What needs to be done ▸ Your answer must be only the lines below from the one containing "湖北天門紡織機械股份有限公司" through the one containing "Media and Promotion", copied exactly, with the pictures left out.

Data extracts ▸
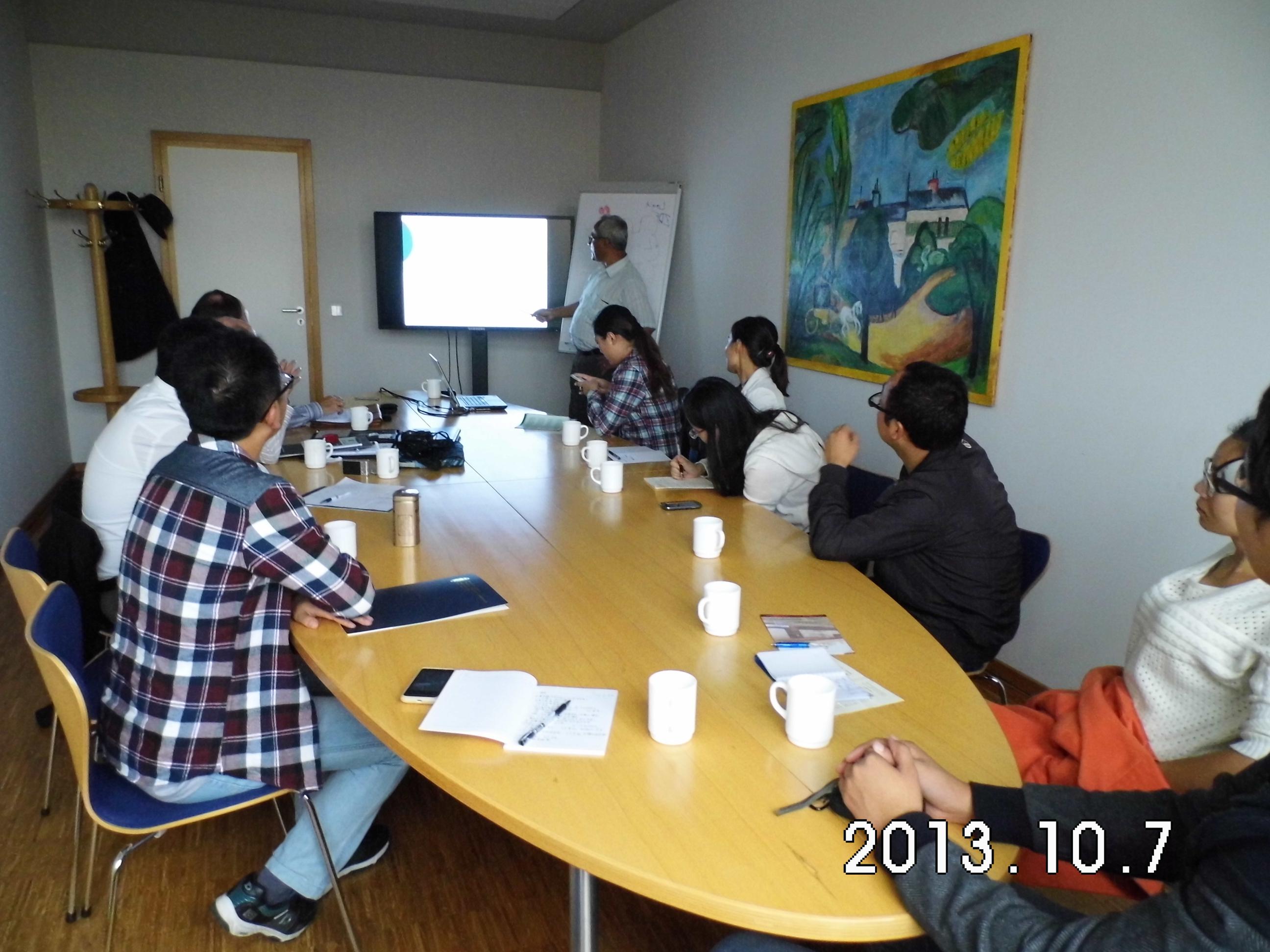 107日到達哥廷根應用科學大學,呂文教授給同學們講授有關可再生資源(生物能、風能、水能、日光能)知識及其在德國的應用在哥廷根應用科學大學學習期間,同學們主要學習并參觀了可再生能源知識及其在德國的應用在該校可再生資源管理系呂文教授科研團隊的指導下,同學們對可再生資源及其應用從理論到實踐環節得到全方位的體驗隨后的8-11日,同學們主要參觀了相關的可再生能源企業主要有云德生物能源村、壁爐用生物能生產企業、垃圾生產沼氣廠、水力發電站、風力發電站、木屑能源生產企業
--
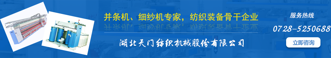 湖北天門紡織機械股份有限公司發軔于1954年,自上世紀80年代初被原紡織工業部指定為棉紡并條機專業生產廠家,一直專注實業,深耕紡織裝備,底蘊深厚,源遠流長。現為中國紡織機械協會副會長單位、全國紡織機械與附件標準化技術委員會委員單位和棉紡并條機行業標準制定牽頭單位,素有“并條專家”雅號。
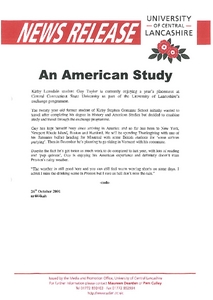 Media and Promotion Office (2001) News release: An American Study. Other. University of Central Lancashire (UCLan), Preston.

Answer space ▸
 湖北天門紡織機械股份有限公司發軔于1954年,自上世紀80年代初被原紡織工業部指定為棉紡并條機專業生產廠家,一直專注實業,深耕紡織裝備,底蘊深厚,源遠流長。現為中國紡織機械協會副會長單位、全國紡織機械與附件標準化技術委員會委員單位和棉紡并條機行業標準制定牽頭單位,素有“并條專家”雅號。
 Media and Promotion Office (2001) News release: An American Study. Other. University of Central Lancashire (UCLan), Preston.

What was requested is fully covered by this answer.